Love is the Tourist Trap of the Heart

April 30th, 2009

(A special double-length story! I’ve been working on this for a while. And by while I mean 4 days)

And so it came to pass that the seas did rise, for even the church leaders declared that God probably would not save us for what we had done to ourselves. The cities of the world did not crash or scream so much as whimper and write letters to the editor. On the whole the people filed out, two by two back into the countryside, clutching teddy bears and pet carriers, talking animatedly to friends, then gazing back with empty eyes, salt-stone faces and dimly violent smiles at the lives they left behind.

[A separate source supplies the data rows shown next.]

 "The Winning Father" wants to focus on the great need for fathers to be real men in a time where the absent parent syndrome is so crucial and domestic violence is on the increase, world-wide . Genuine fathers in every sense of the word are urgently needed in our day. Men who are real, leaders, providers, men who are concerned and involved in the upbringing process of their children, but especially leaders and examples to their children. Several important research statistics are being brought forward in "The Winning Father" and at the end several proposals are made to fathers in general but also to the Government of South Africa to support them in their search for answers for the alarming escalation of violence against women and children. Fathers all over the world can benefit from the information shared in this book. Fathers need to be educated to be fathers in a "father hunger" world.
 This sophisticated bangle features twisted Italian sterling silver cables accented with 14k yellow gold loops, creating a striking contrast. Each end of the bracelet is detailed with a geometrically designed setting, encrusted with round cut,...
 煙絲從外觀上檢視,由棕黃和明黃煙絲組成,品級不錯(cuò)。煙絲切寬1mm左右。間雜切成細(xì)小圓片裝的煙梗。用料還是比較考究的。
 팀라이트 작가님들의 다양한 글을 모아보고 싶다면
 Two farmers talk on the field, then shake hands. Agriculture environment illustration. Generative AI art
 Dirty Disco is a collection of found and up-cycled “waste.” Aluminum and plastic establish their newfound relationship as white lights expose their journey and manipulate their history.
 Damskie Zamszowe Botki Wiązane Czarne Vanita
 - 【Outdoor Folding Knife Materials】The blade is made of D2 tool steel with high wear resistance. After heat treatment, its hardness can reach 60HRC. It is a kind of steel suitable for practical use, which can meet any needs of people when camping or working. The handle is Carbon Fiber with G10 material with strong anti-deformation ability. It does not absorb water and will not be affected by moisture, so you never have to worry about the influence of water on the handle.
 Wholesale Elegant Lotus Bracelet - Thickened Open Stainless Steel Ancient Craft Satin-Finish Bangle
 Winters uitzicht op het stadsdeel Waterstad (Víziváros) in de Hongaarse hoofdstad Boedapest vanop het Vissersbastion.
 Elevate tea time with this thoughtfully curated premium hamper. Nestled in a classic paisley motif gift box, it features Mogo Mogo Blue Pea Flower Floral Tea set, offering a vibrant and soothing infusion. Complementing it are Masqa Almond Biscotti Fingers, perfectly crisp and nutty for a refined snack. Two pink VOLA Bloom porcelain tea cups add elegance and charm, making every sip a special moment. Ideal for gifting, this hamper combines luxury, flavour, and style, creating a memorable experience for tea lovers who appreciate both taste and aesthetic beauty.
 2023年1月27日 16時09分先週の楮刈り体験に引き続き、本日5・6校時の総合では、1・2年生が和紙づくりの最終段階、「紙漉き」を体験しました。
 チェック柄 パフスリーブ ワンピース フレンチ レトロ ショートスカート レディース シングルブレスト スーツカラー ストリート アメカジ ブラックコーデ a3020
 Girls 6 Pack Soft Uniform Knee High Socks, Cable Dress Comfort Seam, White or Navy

The United Kingdom, noted throughout history as a contrary, weather-obsessed isle, managed to muddle through without drama (and with a fair amount of grumble about the lack of drama, because what is the point of being weather obsessed if there isn’t some headline generating drama), and so almost without incident over the century waterways replaced roads, gaily daubed traditional canal boats with cable television and wireless internet became the ‘new’ aspirational brand for the middle classes who read the right newspapers, and altogether it was all a bit of an anticlimax.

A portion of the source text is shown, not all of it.